Using gzip As A Spam Filter
captainclever writes "Kuro5hin have an interesting article on detecting spam using gzip." Here's a sample: "Loosely speaking, the LZ (Zip) and the related gzip compression algorithms look for repeated strings within a text, and replace each repeat with a reference to the first occurrence. The compression ratio achieved therefore measures how many repeated fragments, words or phrases occur in the text."
Forget about gzip all the 'cool' geeks use grep! :)
Hey if you compress all of your mail with gzip then it all looks like foreign spam anyway!
Slashdot can use it to filert out duplicate stories.

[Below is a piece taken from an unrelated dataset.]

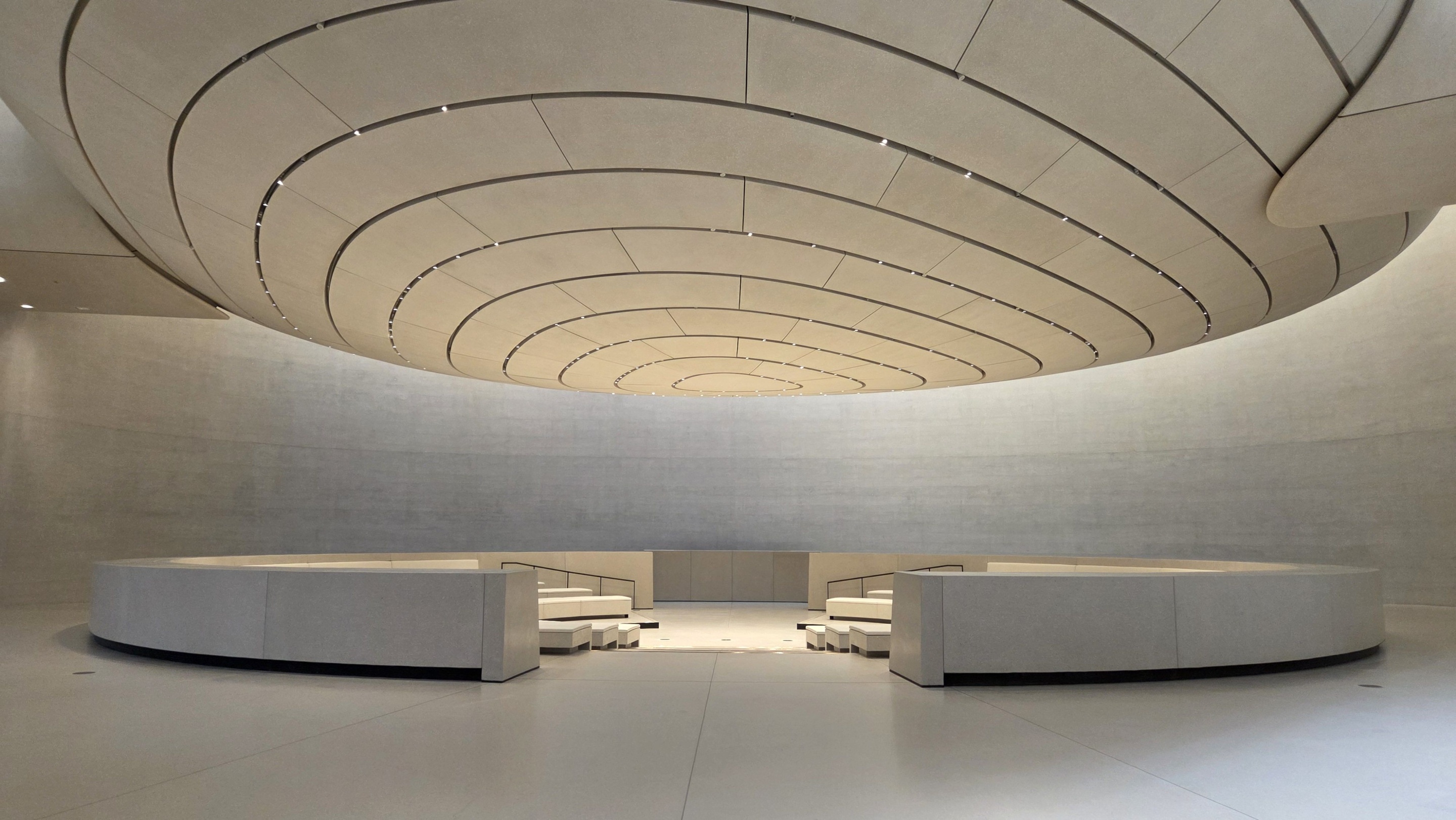 직경 180m에 이르는 거대한 돔은 아랍의 전통 창살인 ‘마슈라비야(Mashrabiya)’를 현대적으로 재해석한 패턴으로 이루어져 있다. 여러 겹의 층이 정교하게 맞물려 있는 구조는 태양의 위치에 따라 빛과 그림자가 끊임없이 변하도록 설계된 결과다. 이로 인해 연출되는 ‘빛의 비(Rain of Light)’는 미술관의 백미로 꼽힌다. 푸른 바다와 하얀 벽, 그리고 은빛 돔 사이로 비쳐드는 빛이 하나로 장면으로 어우러지는 모습은 절로 감탄이 나오게 한다. 지역의 문화적 맥락을 바탕으로 자연과 사람의 만남을 주선하는 자리는 그 어느 것과 비교할 수 없는 독보적인 아름다움을 드러낸다.
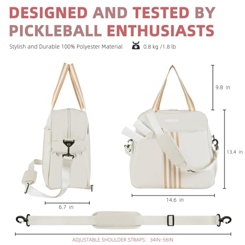 • ✅【PREMIUM MATERIAL & DURABILITY】Made from 100% Polyester waterproof Nylon fabric, this pickleball tote bag is lightweight, comfortable and resistant to dust, scratches & water. From reinforced handle to meticulously stitched seams, smooth and durable mental zippers ensure a longer lifespan. It can be used for a long time without tearing and optimal protection for your equipment, suitable for all kinds of outdoor sports, such as pickleball/ badminton/ tennis/ basketball/ football/ park.

Anything from mid-level management or the marketing department would immediately be marked as spam and trashed. Maybe not very important in the first place, but you'd at least need to be able to say "yeah, I saw the memo on the TPS reports."
SIG: HUP
In comments submitted on Kuro5hin, a question (see comment) is raised on whether or not Slashdot employs a similiar technique (as presented in the article) to foil spam-flooders
Usually I don't compress my spam.
;-)
I delete it.
This will save me a lot more space
Privacy is terrorism.
Do you mean that each time you can find dupes, that's spam ? Oh my god, poor /. ...
What an idea!
I could use this to avoid those people who keep saying the same thing all the time, over and over again...
Now, how can I convince my mother to use e-mail?
-Mark
or.....
1 ham) "Winning a brand new convertible you have, from entered in the contest you were."
and
2 (spam) "Winning the convertible you can, enter you have?"
Both would immediately be recognized as from recent lame movie, and dumped by the filter...this problem isn't as easy as it appears.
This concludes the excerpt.